Sorcerer class features 5e
|Spellcasting||1 – 20|
|Sorcerous Origin||1, 6, 14, 18|
|Font of Magic||2 – 20|
|Metamagic||3, 10, 17|
|Ability Score Improvement||4, 8, 12, 16, 20|
Spellcasting makes up the bread and butter of the Sorcerer. As a Sorcerer you have the highest number of daily spell slots available to a character of their level (tied with the Bard 5e, Cleric 5e, Druid 5e, and Wizard). However, you can only choose a relatively limited number of spells to cast, and, unlike most of those other classes, may only change your decision when you level up. Choose wisely!
The effects of the Sorcerous Origin feature are determined entirely by the Sorcerer’s archetype. Most offer some sort of enhancement that improves your spellcasting, such as improving the damage of your cantrips or adding extra effects to the spells you cast. We’ll discuss each in detail later.
Font of Magic allows you to turn spell slots into Sorcery Points, and then turn Sorcery Points back into spell slots of a higher level. This may sound like a bad deal, and when you first gain the power it is. But, like a fine wine, it improves with time. Once you’ve got third or fourth-level slots it starts becoming worth using this ability; converting one type of slot into another.
Exploring a long dungeon with few opportunities for rest, and worried about running out of spells? Break your high-level spells into several lower-level spells, and continue to cast every round. Preparing for a single climactic battle with the dark overlord of the horde? Convert all of your slots into the highest level you can cast, and make every turn the best it can be.
Metamagic offers another way to spend Sorcery Points: modifying spells as you cast them. This allows you to create effects that would usually be impossible and grants the opportunity to expend more of your power in a single turn. You start out with two Metamagic effects and will gain another two as you level.

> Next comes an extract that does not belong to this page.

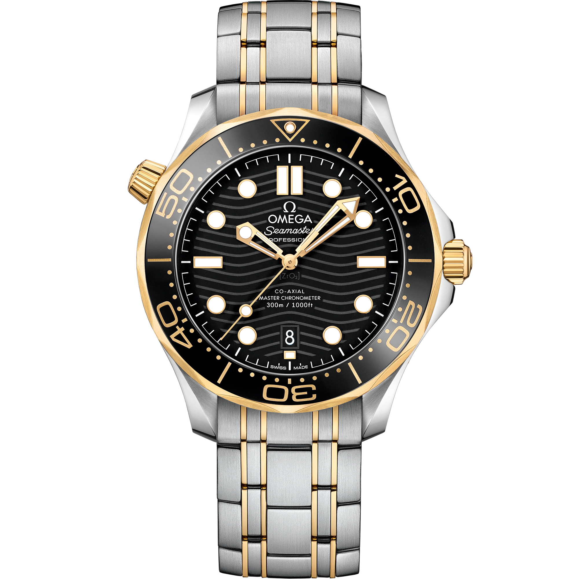 Since 1993the Seamaster Diver 300M has enjoyed a legendary following. Today’s modern collection has embraced that famous ocean heritage and updated it with OMEGA’s most advanced innovation and design. This 42 mm model is crafted in stainless steel and includes a grade 5 titanium bezel with a laser-ablated diving scale in positive relief and a single dot of white Super-LumiNova at 12 o’clock. PVD stainless steel is used to create the brushed dial as well as the polished and skeletonized hands and indexeswhich are filled with white Super-LumiNova. Other markingsincluding the OMEGA logoare transferred in black. The watch is presented on a brushed mesh bracelet with claspand is driven by the OMEGA Co-Axial Master Chronometer Calibre 8806which can be seen through the sapphire-crystal caseback.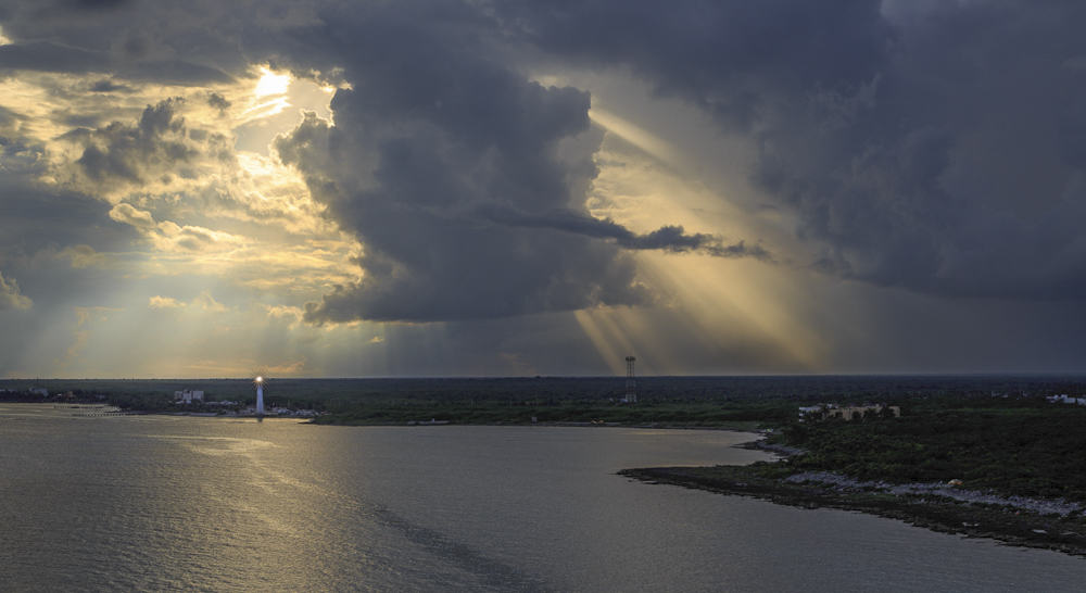 Hi Lamar. For a spur of the moment shot you have done very well. These rays are hard to capture at times particularly getting the light right. To my eye the composition is fine but I would have lightened the shadows.I like the texture in the clouds and you have placed the lighthouse perfectly. For me the image is all about the sky and you have made it the main subject. I have attached an image with the shadows brightened. What do you think? Perhaps converting to a monochrome might be worth a try. Cheers Glenn |

You can’t change them, so pick options you’ll be comfortable using for a long time.
A cheeky peek at 5e feats that give +1 Cha can be worth it if you started with an odd score. Tasha’s Cauldron of Everything is your friend here. Shadow Touched and Fey Touched both increase your spell variety, while Telekinetic will give you something fun to do with your underutilised bonus action each round.
Finally, Sorcerous Restoration awaits those who reach the giddy heights of level twenty. This allows you, for the first time, to get something useful out of short rests. Reliably replenishing Sorcery Points now means that you can use metamagic every fight, and can stop trying to talk the party into making every rest an eight-hour rest.
Casting spells as written is for suckers. A Sorcerer rewrites the spells to suit them, and Metamagic is how they do it. Using Metamagic is simple: cross off the Sorcery Points as you cast the spell, and modify it as appropriate. It doesn’t cost an extra action, but remember that you can only modify each spell once. No quickened, heightened, and maximised sonic fireballs in fifth edition.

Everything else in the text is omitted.